The gold and copper miner also reported second-quarter results on Wednesday that were little changed from a year-ago.

"It is a compromise to create a bridge for us so that we can return to normal operations," Chief Executive Richard Adkerson said of the MoU on a call with analysts and investors.

Under the agreement, Freeport would pay a "significantly reduced" export duty in 2014, 2015 and 2016 but higher royalties on copper and gold sales. It would also pay a $115 million "assurance bond" against development of a smelter, Adkerson said.
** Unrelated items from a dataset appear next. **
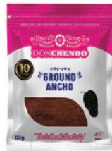
Don Chendo Ground Ancho 10/80g CASE CODE: SEA045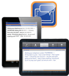
Hamilton CapTel App for Tablets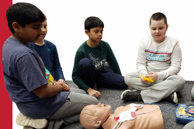
Students learning about first aid and how to use the AED machine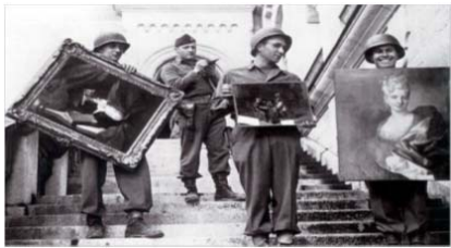
Fig. 4 Move (some or all) of the collections to safer premises [5]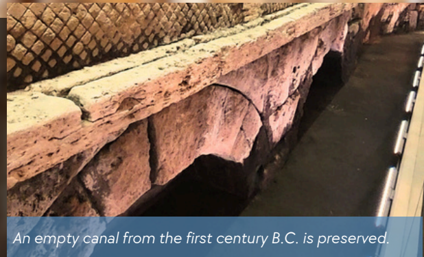
An empty canal from the first century B.C. is preserved.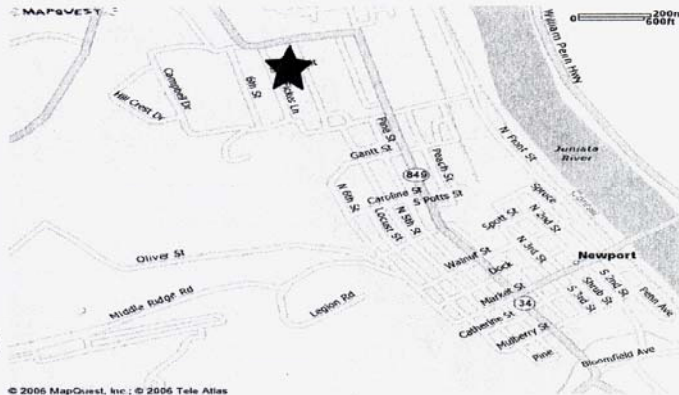
MAP FOR MEETING 3

Date: December 7, 2006 Time: 7:00 – 9:00 P.M. Place: Newport High School Cafeteria Address: Newport School District P.O. Box 9, Fickes Lane Newport, PA. 17074

Freeport, which owns and operates the massive Grasberg mine, wants financial incentives from the government to build a new smelter. Indonesia imposed the new rules partly to spur construction of smelters in the country, but miners have said building new capacity does not make economic sense.

Adkerson said the negotiations also involve agreeing on terms to extend Freeport's operations beyond 2021, when its current contract with the government expires.

Indonesia's new president said on Tuesday he planned to sit down with Freeport and other miners to resolve the row, which has halted $500 million of metal exports a month in Southeast Asia's biggest economy. Newmont Mining Corp's concentrate exports are also halted, and it has stopped production and filed for international arbitration.

Freeport has cut production in Indonesia, which weighed on results in the quarter ended June 30, but company-wide, copper, gold and molybdenum production rose.

The year-earlier figures included only one month of results from Freeport's recently acquired oil and gas businesses, so that segment's revenue jumped to $1.24 billion from $372 million.

Net income was $482 million, or 46 cents a share, compared with $482 million, or 49 cents, a year earlier. Revenue rose to $5.52 billion from $4.29 billion a year earlier, boosted by the energy acquisitions.

Analysts, on average, had been expecting earnings of 51 cents a share on revenue of $5.34 billion, according to Thomson Reuters I/B/E/S.

Freeport said it would continue to look for ways to reduce its debt, which could include asset sales or reducing or deferring capital spending. It ended the quarter with $20.3 billion of debt.